_EXERCISE DIRECTIONS:_
Strip out all images, then restate the data verbatim.

_SUPPLIED DATA:_

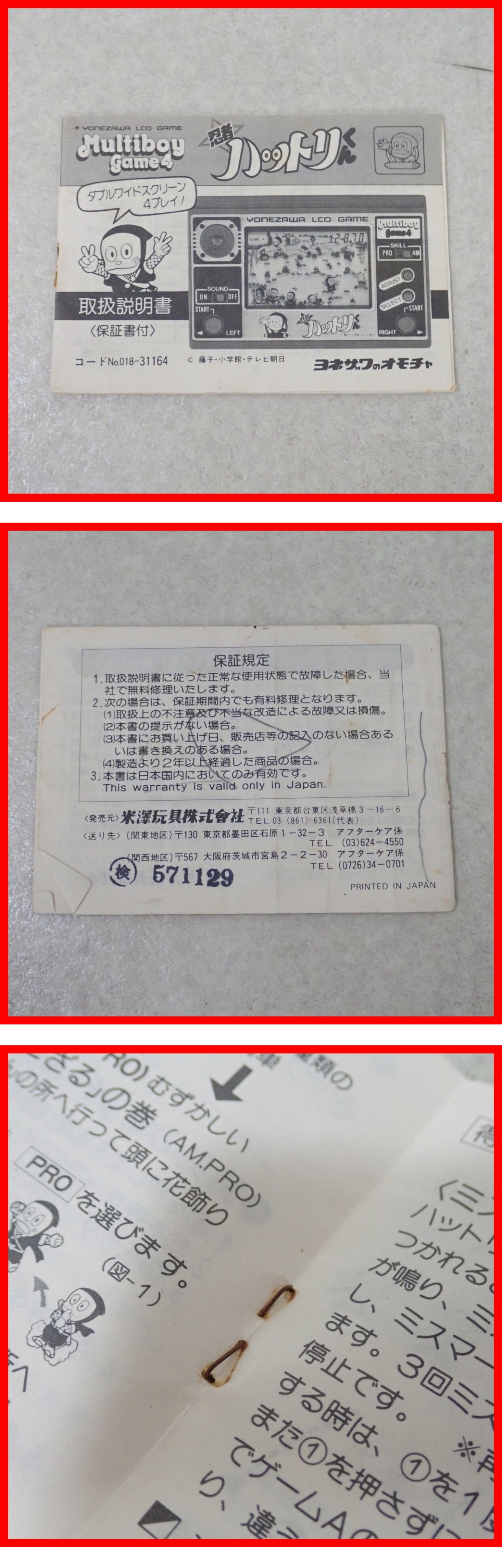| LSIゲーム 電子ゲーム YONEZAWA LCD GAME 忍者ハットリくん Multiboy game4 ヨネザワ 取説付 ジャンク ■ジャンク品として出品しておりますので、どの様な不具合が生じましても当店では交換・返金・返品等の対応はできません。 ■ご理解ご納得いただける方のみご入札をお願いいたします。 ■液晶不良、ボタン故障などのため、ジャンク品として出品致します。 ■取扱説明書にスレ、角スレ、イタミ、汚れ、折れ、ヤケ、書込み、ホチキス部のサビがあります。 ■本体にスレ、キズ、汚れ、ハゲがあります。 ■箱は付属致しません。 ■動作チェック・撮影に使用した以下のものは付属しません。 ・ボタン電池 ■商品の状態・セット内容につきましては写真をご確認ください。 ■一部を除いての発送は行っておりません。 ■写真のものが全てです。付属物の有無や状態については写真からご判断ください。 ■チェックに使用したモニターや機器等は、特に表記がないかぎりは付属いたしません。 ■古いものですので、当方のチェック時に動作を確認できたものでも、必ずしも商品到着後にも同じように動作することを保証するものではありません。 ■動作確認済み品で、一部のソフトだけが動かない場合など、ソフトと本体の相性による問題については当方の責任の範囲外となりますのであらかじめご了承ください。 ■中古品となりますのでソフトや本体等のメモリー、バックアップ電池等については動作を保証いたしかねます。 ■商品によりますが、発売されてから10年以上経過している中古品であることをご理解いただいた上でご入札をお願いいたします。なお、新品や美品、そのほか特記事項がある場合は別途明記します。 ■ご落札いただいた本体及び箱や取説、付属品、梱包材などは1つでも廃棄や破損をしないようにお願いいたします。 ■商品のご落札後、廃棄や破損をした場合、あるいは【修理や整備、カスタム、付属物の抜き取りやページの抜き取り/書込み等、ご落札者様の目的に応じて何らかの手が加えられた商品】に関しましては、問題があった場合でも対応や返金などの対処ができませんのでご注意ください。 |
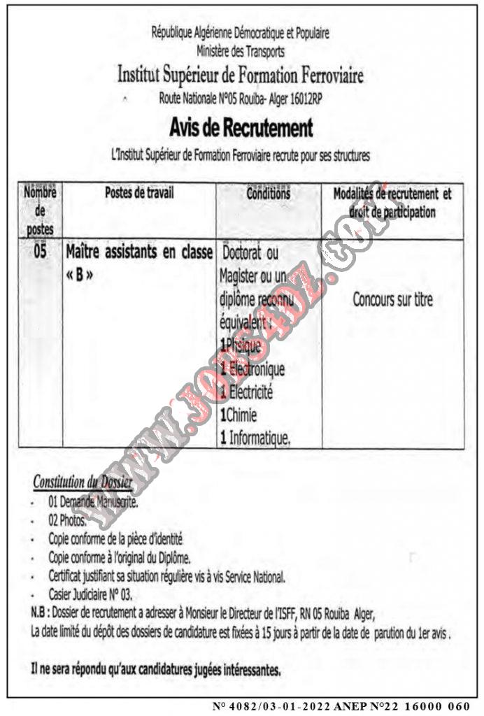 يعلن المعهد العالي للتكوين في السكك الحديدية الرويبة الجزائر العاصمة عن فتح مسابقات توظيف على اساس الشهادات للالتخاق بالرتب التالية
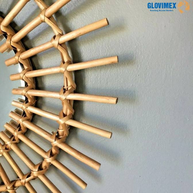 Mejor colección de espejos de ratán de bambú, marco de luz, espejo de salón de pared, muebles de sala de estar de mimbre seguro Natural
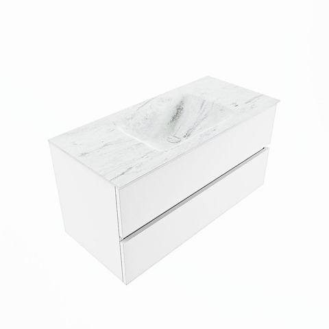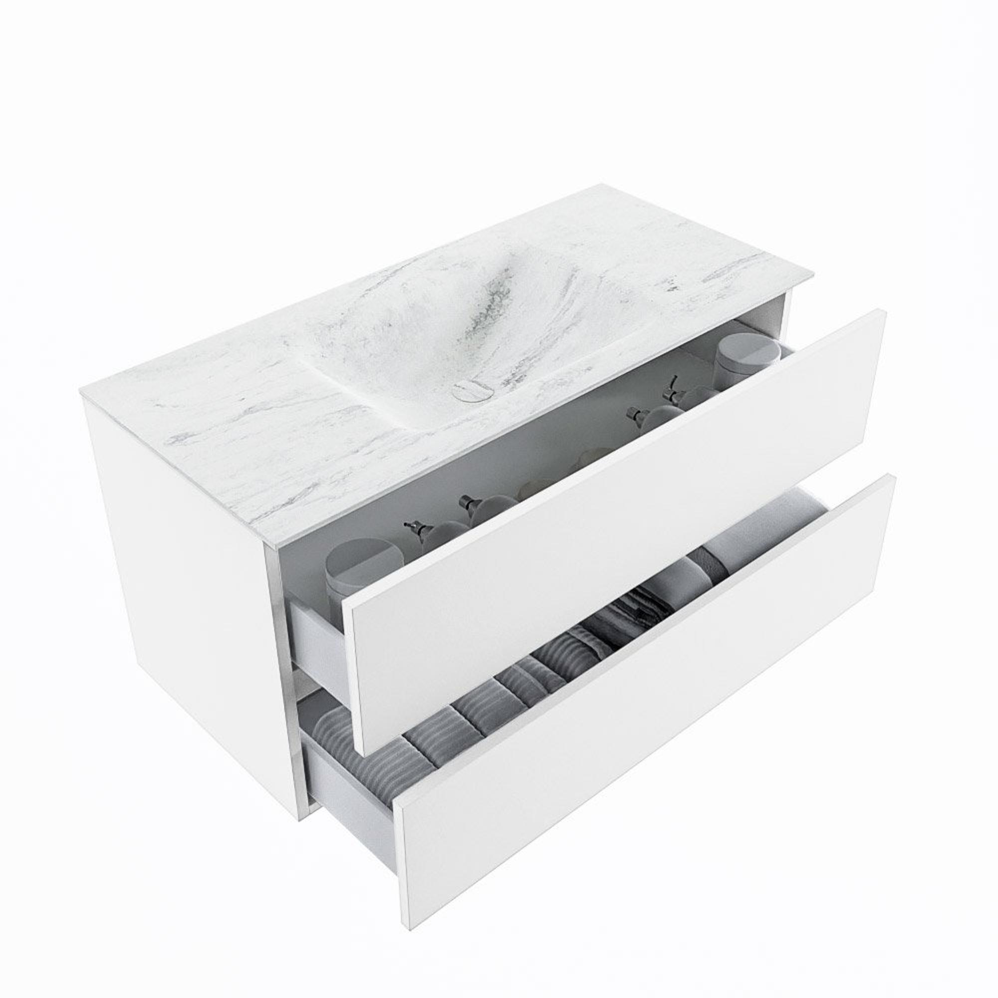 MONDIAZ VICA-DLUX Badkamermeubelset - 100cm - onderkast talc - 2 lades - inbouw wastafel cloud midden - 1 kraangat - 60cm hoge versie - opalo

_SOLUTION FOR THIS TASK:_
| LSIゲーム 電子ゲーム YONEZAWA LCD GAME 忍者ハットリくん Multiboy game4 ヨネザワ 取説付 ジャンク ■ジャンク品として出品しておりますので、どの様な不具合が生じましても当店では交換・返金・返品等の対応はできません。 ■ご理解ご納得いただける方のみご入札をお願いいたします。 ■液晶不良、ボタン故障などのため、ジャンク品として出品致します。 ■取扱説明書にスレ、角スレ、イタミ、汚れ、折れ、ヤケ、書込み、ホチキス部のサビがあります。 ■本体にスレ、キズ、汚れ、ハゲがあります。 ■箱は付属致しません。 ■動作チェック・撮影に使用した以下のものは付属しません。 ・ボタン電池 ■商品の状態・セット内容につきましては写真をご確認ください。 ■一部を除いての発送は行っておりません。 ■写真のものが全てです。付属物の有無や状態については写真からご判断ください。 ■チェックに使用したモニターや機器等は、特に表記がないかぎりは付属いたしません。 ■古いものですので、当方のチェック時に動作を確認できたものでも、必ずしも商品到着後にも同じように動作することを保証するものではありません。 ■動作確認済み品で、一部のソフトだけが動かない場合など、ソフトと本体の相性による問題については当方の責任の範囲外となりますのであらかじめご了承ください。 ■中古品となりますのでソフトや本体等のメモリー、バックアップ電池等については動作を保証いたしかねます。 ■商品によりますが、発売されてから10年以上経過している中古品であることをご理解いただいた上でご入札をお願いいたします。なお、新品や美品、そのほか特記事項がある場合は別途明記します。 ■ご落札いただいた本体及び箱や取説、付属品、梱包材などは1つでも廃棄や破損をしないようにお願いいたします。 ■商品のご落札後、廃棄や破損をした場合、あるいは【修理や整備、カスタム、付属物の抜き取りやページの抜き取り/書込み等、ご落札者様の目的に応じて何らかの手が加えられた商品】に関しましては、問題があった場合でも対応や返金などの対処ができませんのでご注意ください。 |
 يعلن المعهد العالي للتكوين في السكك الحديدية الرويبة الجزائر العاصمة عن فتح مسابقات توظيف على اساس الشهادات للالتخاق بالرتب التالية
 Mejor colección de espejos de ratán de bambú, marco de luz, espejo de salón de pared, muebles de sala de estar de mimbre seguro Natural
 MONDIAZ VICA-DLUX Badkamermeubelset - 100cm - onderkast talc - 2 lades - inbouw wastafel cloud midden - 1 kraangat - 60cm hoge versie - opalo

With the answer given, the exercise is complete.